By Niall McLaren
Before the toreador moves in for the highly-staged kill in a bullfight, picadors and clowns taunt and humiliate the trapped animal, injuring it and goading it to a frenzy so that it becomes incapable of defending itself. We see much the same process going on in the Liberal Party.
Dumped PM Tony Abbott is reported as congratulating his nemesis by moving the party to a “strong centre-right” position where it embraces “what might broadly be called conservative positions.” If the LNP does not do this, Abbott warns darkly, people who favour such policies will follow “other standard bearers,” clearly implying hard-right fringe parties.

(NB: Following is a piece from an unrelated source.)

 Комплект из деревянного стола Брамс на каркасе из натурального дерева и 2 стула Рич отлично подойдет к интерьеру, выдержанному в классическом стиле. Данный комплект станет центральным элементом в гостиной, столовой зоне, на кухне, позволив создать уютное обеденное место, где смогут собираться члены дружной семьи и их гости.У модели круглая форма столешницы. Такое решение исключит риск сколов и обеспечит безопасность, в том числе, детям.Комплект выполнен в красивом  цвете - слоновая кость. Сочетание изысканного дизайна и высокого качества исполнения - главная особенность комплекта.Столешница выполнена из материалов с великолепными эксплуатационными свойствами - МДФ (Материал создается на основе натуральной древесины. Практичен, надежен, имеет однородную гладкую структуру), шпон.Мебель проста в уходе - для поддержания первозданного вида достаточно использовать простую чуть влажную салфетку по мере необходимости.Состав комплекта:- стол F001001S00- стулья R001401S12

It should be noted that the concept of a “conservative centre-right” party is an oxymoron. Politically, “centre” and “conservative” are far removed from each other. A conservative policy is by definition not centrist. One would expect a former Rhodes Scholar to know this. However, Mr Abbott is much more cunning than the average voter. He knows perfectly well that when he uses the term “centre-right,” he actually means “right of centre,” and that his supporters and financiers fully understand this small point. “Right of centre” embraces everything from the very moderate welfarist-protectionist policies of Menzies and Fraser, out to the rabid right which has just thrilled Mr Abbott and his friends by annointing Donald Trump.
Abbott’s goal is to shift the concept of a political centre, which is defined as “the avoidance of extremes,” to somewhere far to the right of the people who built the Liberal Party. In the process, he and his supporters intend to scare or drag the Labor Party into following them, effectively somewhat to the right of Menzies, in fact. In this, he is proving very successful.

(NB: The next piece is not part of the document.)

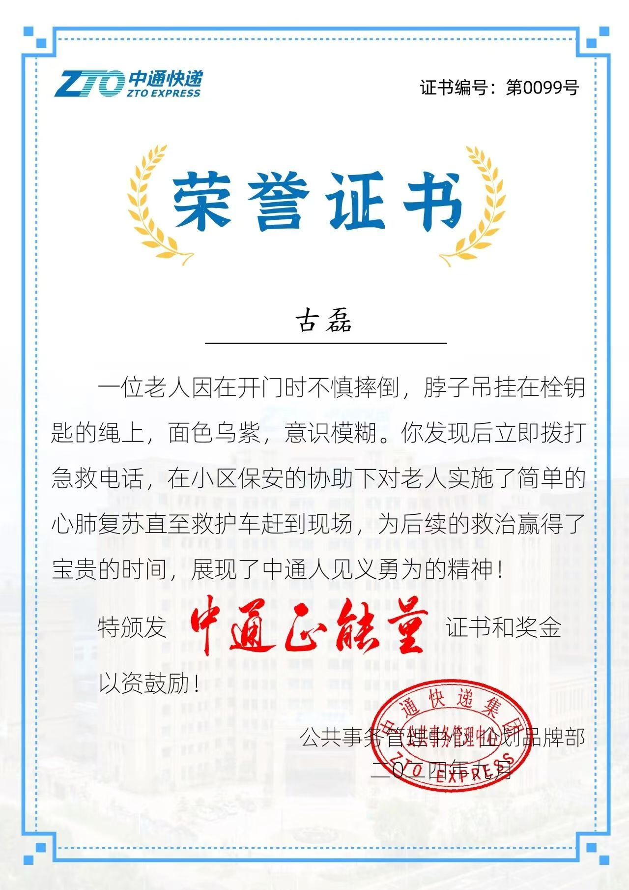 一个半月后,康复出院的老人在家人的搀扶下,提着一面锦旗找到中通网点,向古磊表达感激之情。同时,为表彰古磊见义勇为的行为,2024年9月,依据《中通快递集团表彰奖励管理办法》,古磊被授予“中通正能量”荣誉称号,同时给予现金奖励。

The anti-establishment insurgency of Donald Trump (which was actually a vote against the corruption of the globalist elite, which the Clintons represent so ably) has greatly excited Mr Abbott. Dressed in his clown uniform, he has jumped down into the arena to taunt and goad the (Turn)bull that deposed him into making some impulsive, ill-judged move, thereby exposing his neck to the toreador’s rapier.

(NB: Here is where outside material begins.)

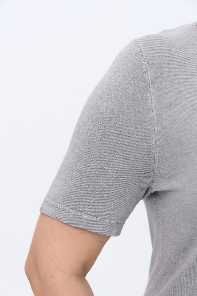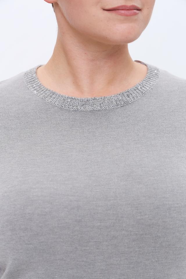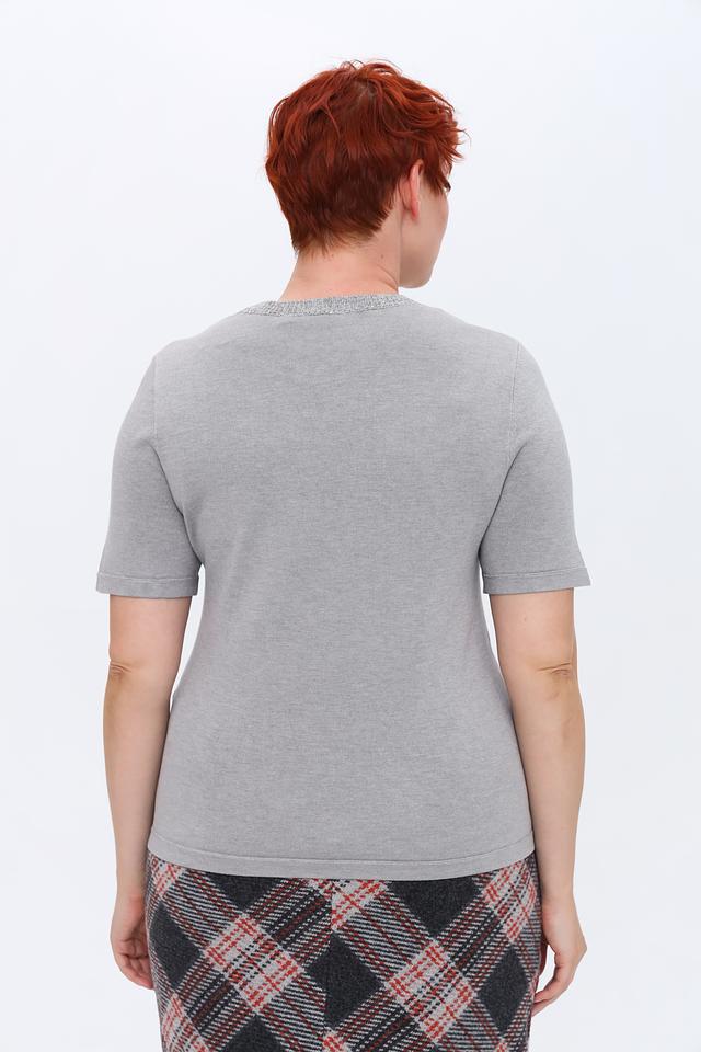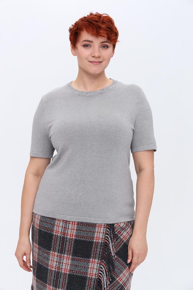 Серый пуловер Gerry Weber с короткми рукавами и декоративной отделкой горловины. Изготовлен из мягкой вискозы с добавлением полиамида для сохранения формы. Идеальный выбор для создания комфортного и стильного образа. Состав: вискоза 80%, полиамид 19%, метализ.полиэстер 1%

Putting aside the rather painful puns, the danger is that the political “centre” has been dragged far to the right. The globalist-corporatist Malcolm Turnbull saw that, in Australia, this is politically risky and attempted to halt the process but he had to sell his soul to the so-called “make Australia great again” brigade. Turnbull and Abbott have no fundamental disagreement on the basics of their respective programs: to advance the goals and ambitions of the transnational financial-industrial-militarist elite. They differ only on tactics. The concept of a “conservative centre-right party” is part of the obfuscation that has allowed Trump to put his stubby fingers on the nuclear buttons. Voters need to beware of such Orwellian thought crimes.